WOOSTER, OH – Carcass weights are always top of mind for us in spring as we try to keep buyers and sellers in the cattle and beef markets informed on quality carcass supplies and price implications. This heightened focus is a function of carcass weights tending to find their annual lows in May.
Moreover, through the pandemic fed-cattle backlog and the trailing effects of slower plant processing speeds, we’ve seen carcass weights reach new records. Expectations that the year-on-year increases in carcass weights would abate in early 2022 were not satisfied. In fact, weighted average steer/heifer carcasses in 2022 have only been lighter than 2021 in four individual weeks. So far, this year’s weights have been 7 lb. heavier than 2021, 15 lb. heavier than 2020 and 38 lb. heavier than 2019.
However, the latest data show an abrupt turnaround in the heavier annual carcass weights. March featured carcasses roughly 13 lb. heavier than a year ago, but since the week of April 18th carcasses quickly realigned the trend to reach 4 lb. lighter than a year ago in the second week of May. This latest week in the data indicates a 10-lb. one-week drop for heifers and a 7-lb. drop in steer weights.

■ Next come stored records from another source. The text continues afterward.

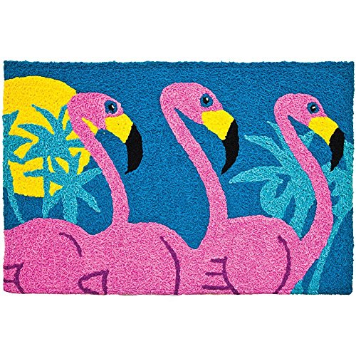 -. Feature : Indoor Outdoor Machine Washable Jellybean Rug / Tropical Flamingo / Approximately 21 inches X 33 inches / 100% polyester upper and backing / Machine wash cold water with like colors. No bleach, line dry.
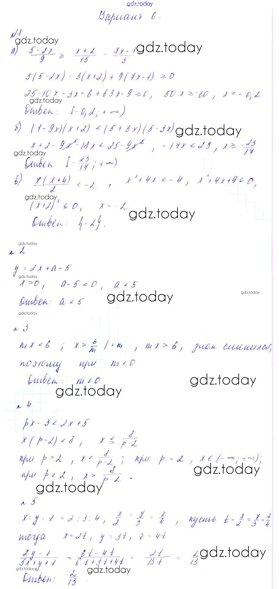 Ответы к СР №3. Решение неравенств. Числовые промежутки Решение к самостоятельным работам Вариант-6 Дидактическим материалам по Алгебре для 8 класса Зив, Гольдич Виктория плюс 2012
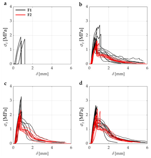 A strengthening of the matrix with Sisal fibers yarns, impregnated with a water-based resin and included in an inorganic matrix based on natural lime, was tested under both tensile and single-lap shear tests [38]. The results of the tests carried out on the mechanical characterization of the composite with impregnated yarns, showed an elastic-brittle behavior with a higher tensile strength with respect to dry fibers yarns (a difference of about 15%), caused by a greater uniform stress distribution among the fibers. In single-lap shear tests, a progressive tensile failure of the yarns was always attained, without any sliding mechanisms at the masonry–mortar interface. This behavior was due to the adequate bond length (260 mm) that avoided debonding or sliding failures.
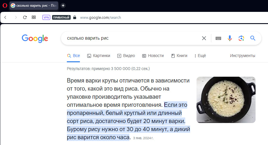 Во первых не все это знают во вторых так работает не только с рисом.Тут сама суть проблем с поисковиком показана.
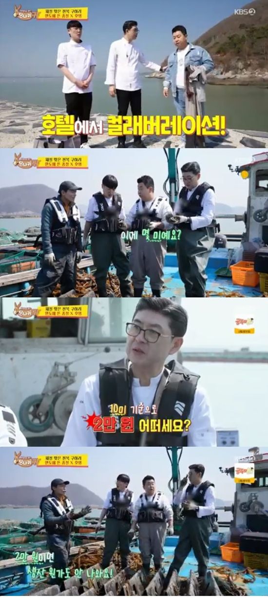 신종철과 정호영은 전복 양식장 사장님을 만나 전복 양식장으로 이동했다. 신종철은 사장님한테 전복 10미를 기준으로 2만 원 어떠냐고 물어봤다.
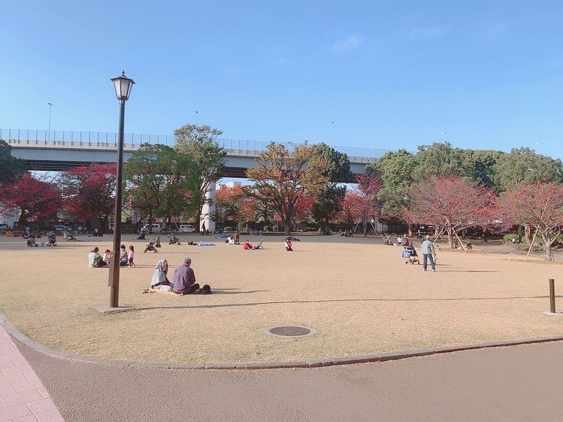 芝生広場には親子連れやひなたぼっこされる方がたくさんいました。
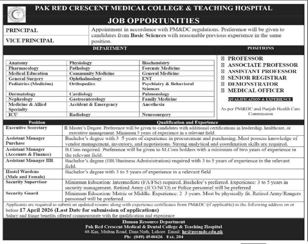 Apply for Pak Red Crescent Medical College & Teaching Hospital careers 2026. Multiple vacancies for Professors, Medical Officers, Assistant Managers, and Security Staff in Lahore. Competitive salary and benefits offered. Apply by April 17, 2026.
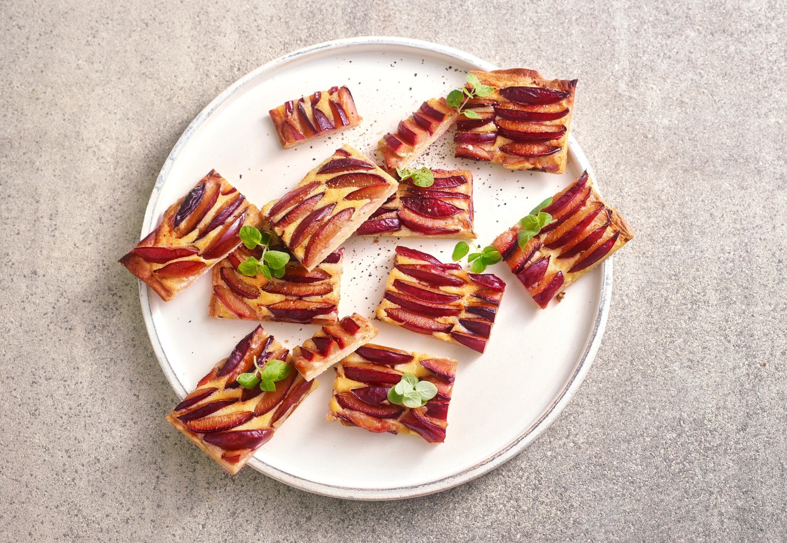 - Käsemasse auf dem Teig verstreichen, mit Zwetschken belegen und im Rohr (mittlere Schiene) ca. 15 Minuten backen. Kuchen herausnehmen und portionieren, eventuell mit Majoran oder Oregano garnieren.
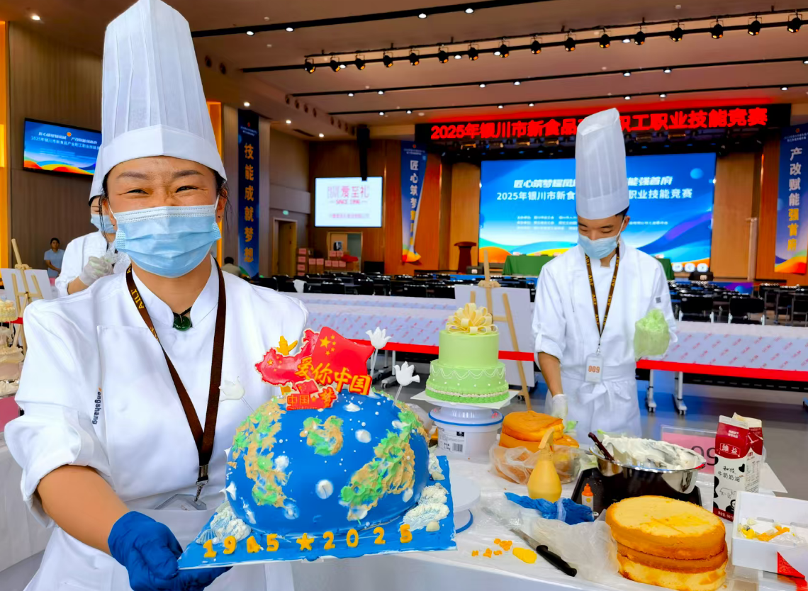 “家國同慶”“風生水起”“乘風破浪”“扭轉乾坤”……9月9日下午,2025年銀川市新食品產業職工職業技能競賽舉辦,來自全市新食品行業的60余名技藝“糕”手,以奶油和水果等為素材,創作出一款款充滿無限創意的主題蛋糕,角逐甜蜜桂冠。

This scenario reflects a culmination of several weeks of underperforming cattle in the northern feedlot region with respect to carcass quality grades. Feedyard placement data had suggested that market-ready cattle would be less numerous through April with a transition to larger supplies beginning to show up in June. May was logically the transition month, but so far it looks like the lighter weights and poorer grading in the past month portray a market that remains very current, at least in the north.
The bottom line for now: most recent slaughter data suggests carcass weights and market-ready cattle are not burdensome. This applies more as we look at the northern feeding region. As well, we’re even more confident today that near-term quality grades will be challenged to keep up with the past two years. The elevated ration costs and continuing positive cash basis entering June only confound the issues. Although we’ve covered those factors in recent editions, it’s timely to reiterate the facts: Carcass quality premiums widened last week and will likely continue to do so as they meet seasonal expectations, presenting premium opportunities for cattle that can surpass average quality.
Heifers in the fed cattle slaughter surged to 39.4% of the total for the week of May 9th, a 1.4 percentage-point jump from the prior week. That’s not unusual for other months, but it is uncharacteristic for early May. The last two years indicate heifers at an average of just 35.5% for the same week. The comparatively larger number of heifers in that week’s 2022 data came with a 10-lb. decline in heifer carcass weights. That made for a greater-than-expected impact in pulling average carcass weights lower. Year to date, the heifer count is up 2.5% while steers are down 1.9% in the slaughter mix. That’s just further indication of heifer liquidation rather than retention in the herd for breeding purposes.